TASK ITEM >>
Leave out the pictures and set down the rest of the listing below word for word.

PROVIDED MATERIAL >>
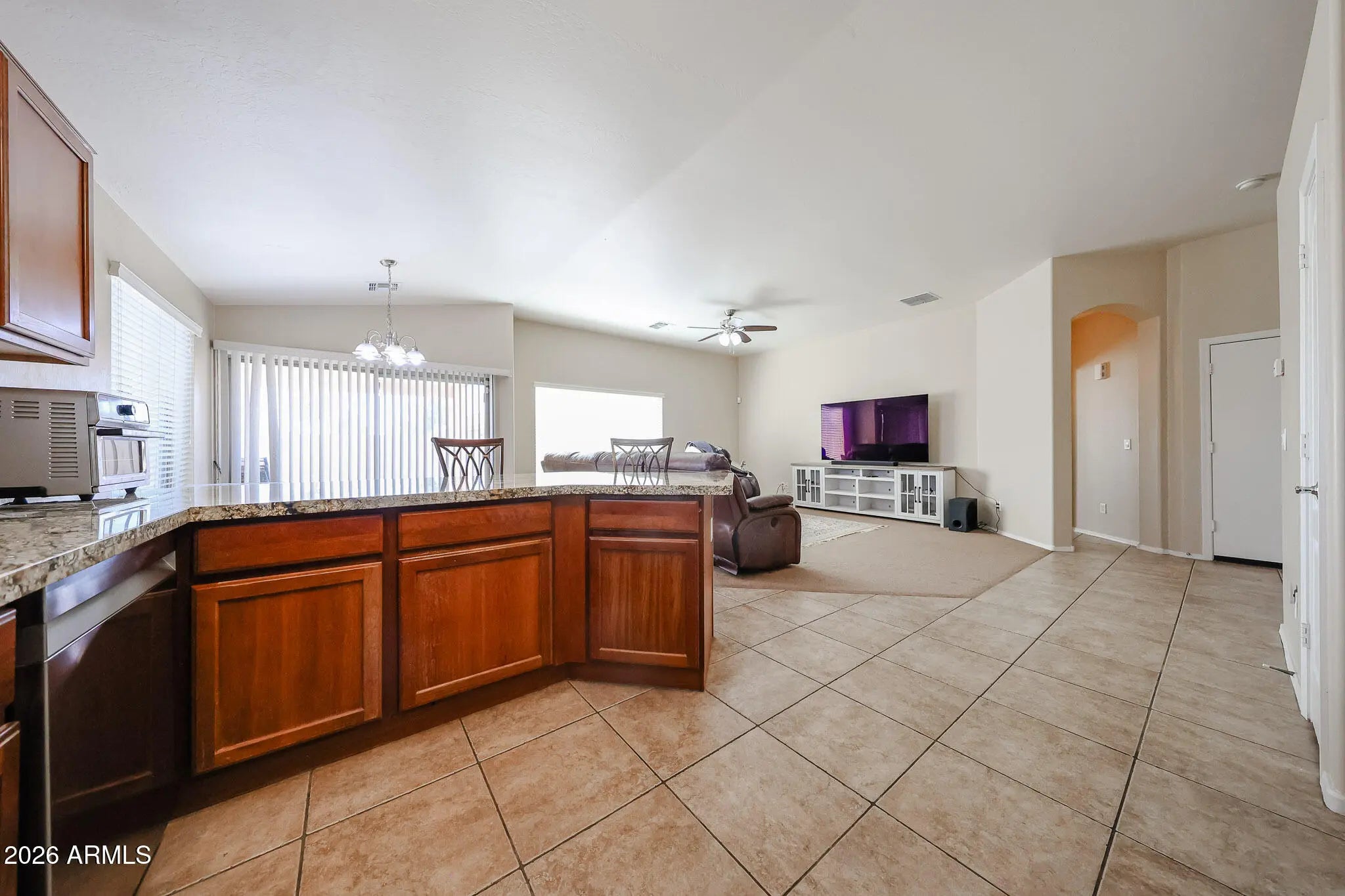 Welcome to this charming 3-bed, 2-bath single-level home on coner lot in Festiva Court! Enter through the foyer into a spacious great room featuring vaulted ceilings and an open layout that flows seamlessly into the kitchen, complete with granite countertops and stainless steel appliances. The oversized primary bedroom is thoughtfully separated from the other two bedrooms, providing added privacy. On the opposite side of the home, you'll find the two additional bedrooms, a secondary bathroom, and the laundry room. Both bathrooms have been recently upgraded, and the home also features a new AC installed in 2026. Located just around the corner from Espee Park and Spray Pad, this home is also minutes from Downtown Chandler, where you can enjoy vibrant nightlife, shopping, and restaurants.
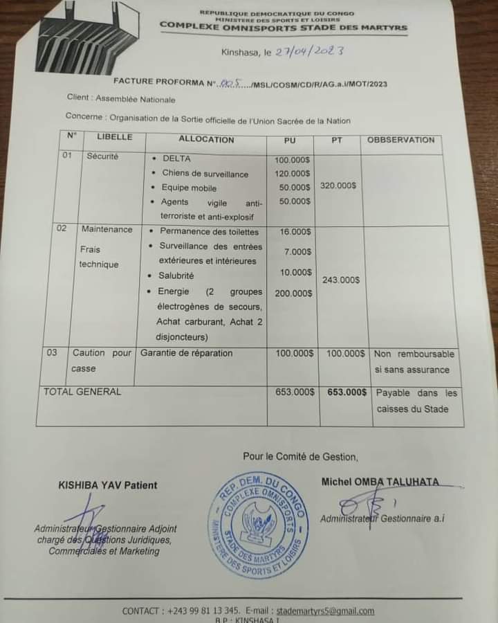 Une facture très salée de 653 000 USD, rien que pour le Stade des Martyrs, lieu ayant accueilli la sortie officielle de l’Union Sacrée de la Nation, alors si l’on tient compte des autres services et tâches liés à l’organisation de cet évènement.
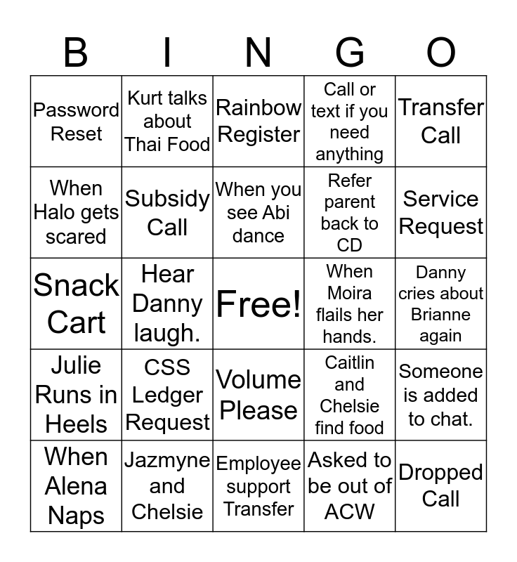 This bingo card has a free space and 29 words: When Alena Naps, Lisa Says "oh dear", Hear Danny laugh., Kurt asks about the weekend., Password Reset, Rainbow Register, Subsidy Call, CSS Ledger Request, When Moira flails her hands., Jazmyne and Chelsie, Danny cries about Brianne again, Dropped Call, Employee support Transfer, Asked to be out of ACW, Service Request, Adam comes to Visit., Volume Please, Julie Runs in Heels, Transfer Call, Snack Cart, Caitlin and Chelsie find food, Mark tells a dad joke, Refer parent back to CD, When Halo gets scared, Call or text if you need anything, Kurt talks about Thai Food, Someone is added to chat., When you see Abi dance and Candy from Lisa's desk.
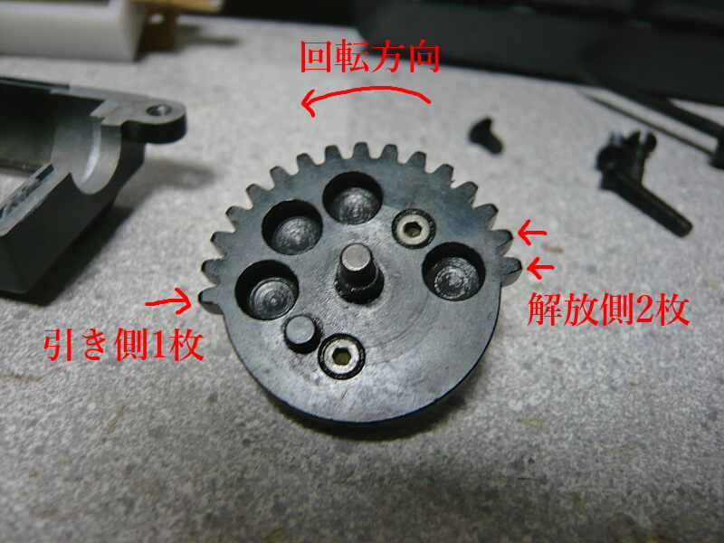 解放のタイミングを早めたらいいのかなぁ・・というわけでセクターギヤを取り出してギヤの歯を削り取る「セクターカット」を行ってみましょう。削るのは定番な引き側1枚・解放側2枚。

YOUR SOLUTION >>
 Welcome to this charming 3-bed, 2-bath single-level home on coner lot in Festiva Court! Enter through the foyer into a spacious great room featuring vaulted ceilings and an open layout that flows seamlessly into the kitchen, complete with granite countertops and stainless steel appliances. The oversized primary bedroom is thoughtfully separated from the other two bedrooms, providing added privacy. On the opposite side of the home, you'll find the two additional bedrooms, a secondary bathroom, and the laundry room. Both bathrooms have been recently upgraded, and the home also features a new AC installed in 2026. Located just around the corner from Espee Park and Spray Pad, this home is also minutes from Downtown Chandler, where you can enjoy vibrant nightlife, shopping, and restaurants.
 Une facture très salée de 653 000 USD, rien que pour le Stade des Martyrs, lieu ayant accueilli la sortie officielle de l’Union Sacrée de la Nation, alors si l’on tient compte des autres services et tâches liés à l’organisation de cet évènement.
 This bingo card has a free space and 29 words: When Alena Naps, Lisa Says "oh dear", Hear Danny laugh., Kurt asks about the weekend., Password Reset, Rainbow Register, Subsidy Call, CSS Ledger Request, When Moira flails her hands., Jazmyne and Chelsie, Danny cries about Brianne again, Dropped Call, Employee support Transfer, Asked to be out of ACW, Service Request, Adam comes to Visit., Volume Please, Julie Runs in Heels, Transfer Call, Snack Cart, Caitlin and Chelsie find food, Mark tells a dad joke, Refer parent back to CD, When Halo gets scared, Call or text if you need anything, Kurt talks about Thai Food, Someone is added to chat., When you see Abi dance and Candy from Lisa's desk.
 解放のタイミングを早めたらいいのかなぁ・・というわけでセクターギヤを取り出してギヤの歯を削り取る「セクターカット」を行ってみましょう。削るのは定番な引き側1枚・解放側2枚。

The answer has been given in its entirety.